Purpose: To examine the impact of relative weight on mortality in black and white men and women.
Methods: Two representative national populations samples were used: the NHANES-I Epidemiologic Follow-up Study (NHEFS), and the National Health Interview Survey (NHIS). The principal analysis focused on 13,242 participants in the NHEFS and 114,954 in the NHIS. Minimum mortality was estimated from both categorical analysis and a logistic model.
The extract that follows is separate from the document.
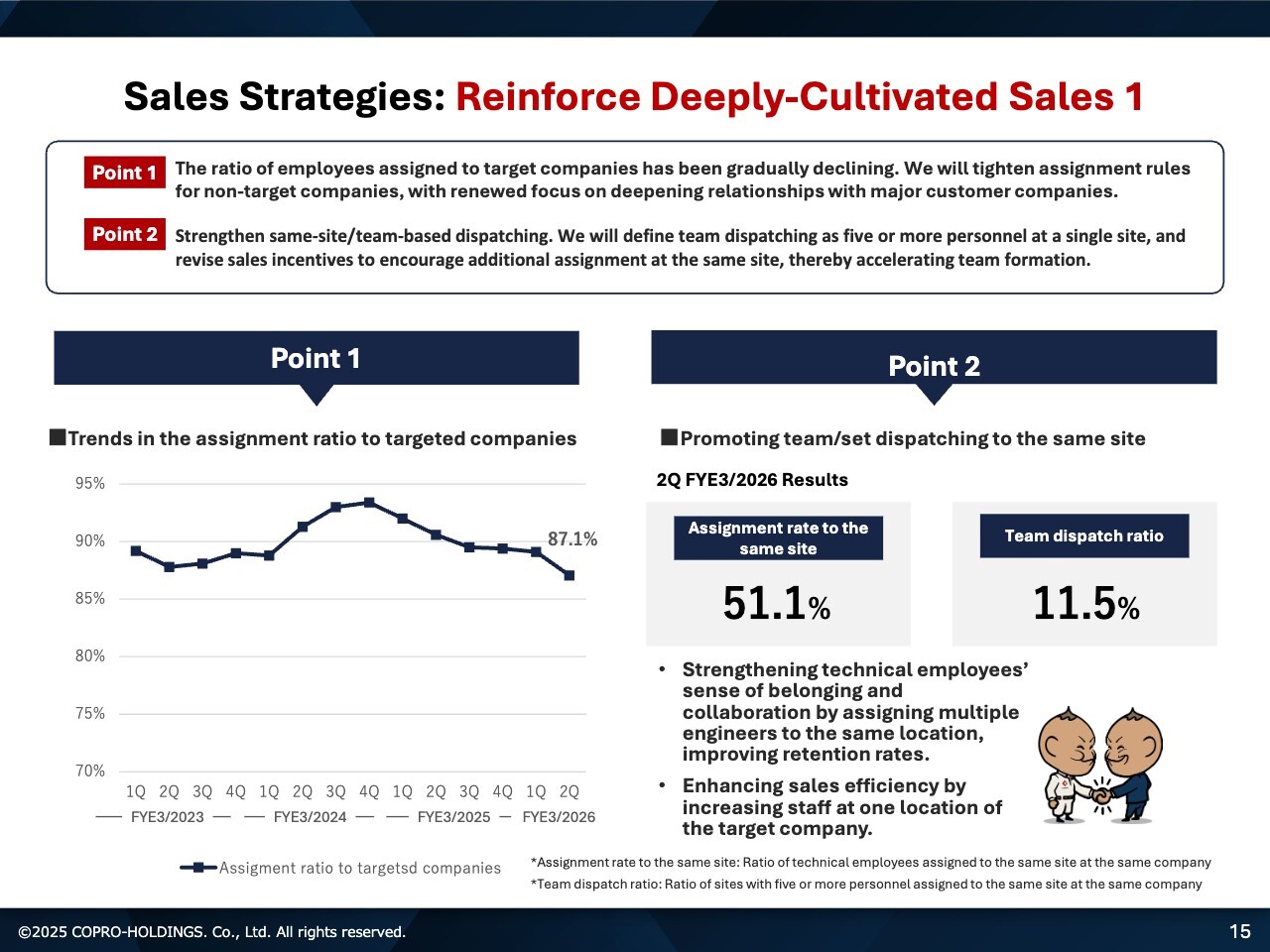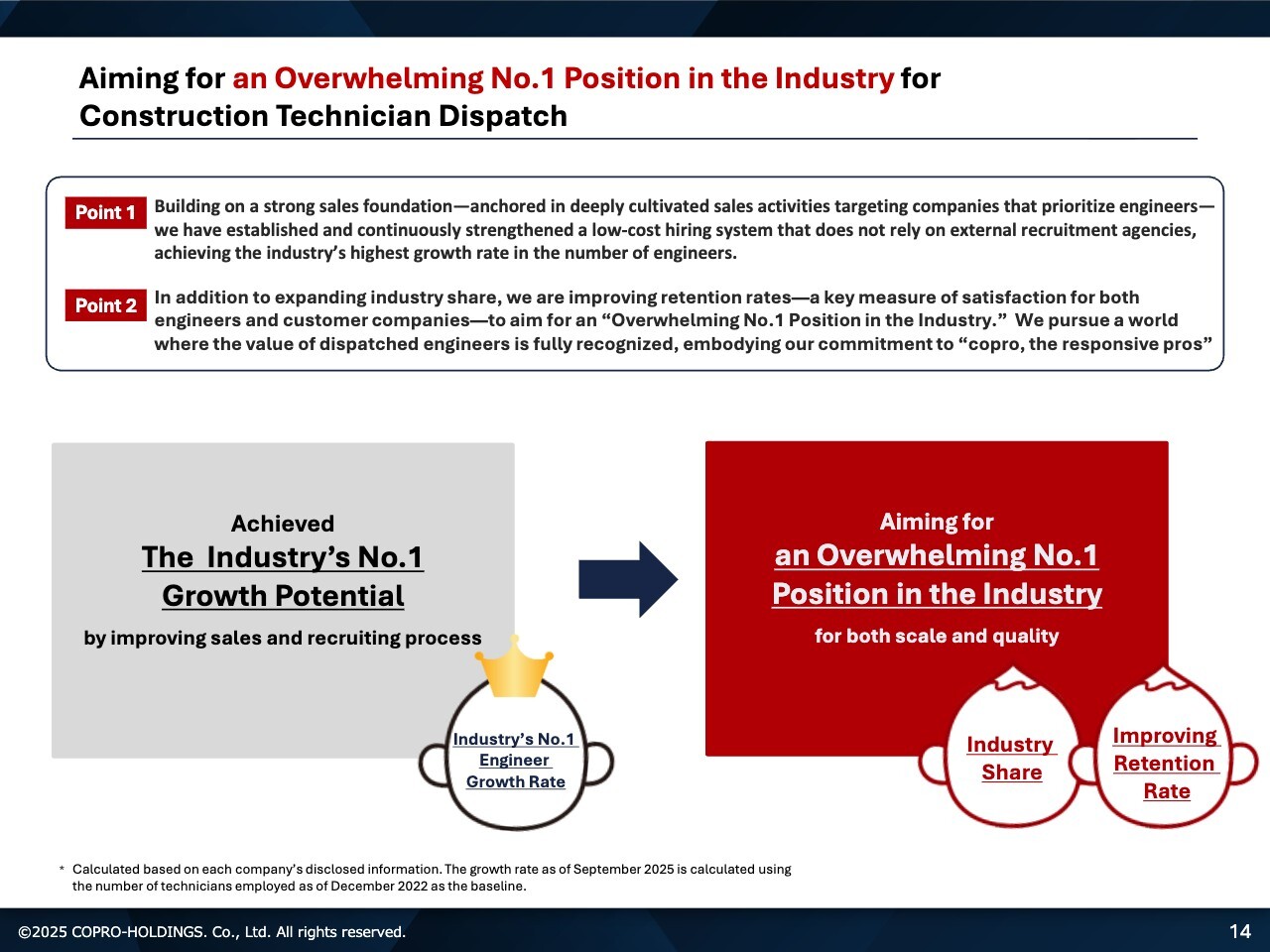 We identify two points. Point 1 involves building on a strong sales foundation—anchored in deeply cultivated sales activities targeting companies that prioritize engineers—we have established and continuously strengthened a low-cost hiring system that does not rely on external recruitment agencies. With this as our foundation, we aim for an overwhelming No.1 position in the industry.

Results: Minimum mortality ranged from a body mass index (BMI) of 25 to 32 kg/m2. The model-estimated BMI of minimum mortality for NHEFS was 27.1 (24.8-29.4, 95% CI), 26.8 (24.7-28.9, 95% CI), 24.8 (23.8-25.9, 95% CI) and 24.3 (23.2-25.4, 95% CI); for black men, black women, white men and white women, respectively, whereas for NHIS the corresponding values were 30.2 (24.8-35.6, 95% CI) 26.4 (24.2-28.7, 95% CI), 27.1 (25.5-28.7, 95% CI), and 25.6 (24.2-27.0, 95% CI). In all groups the shape of the relative risk curve was virtually identical and a broad range of BMI values in the middle of the distribution was associated with low relative mortality risk. Averaging the results from both surveys, the observed BMI of minimum risk was 3.1 kg/m2 higher in black men and 1.5 kg/m2 higher in black women than in their white counterparts; when adjusted for covariates these differences were only of borderline statistical significance, however.
Conclusions: Because of the wide range of BMI values associated with low risk, and the consistency of the point of the up-turn in risk, group specific definitions of optimal values do not appear to be warranted.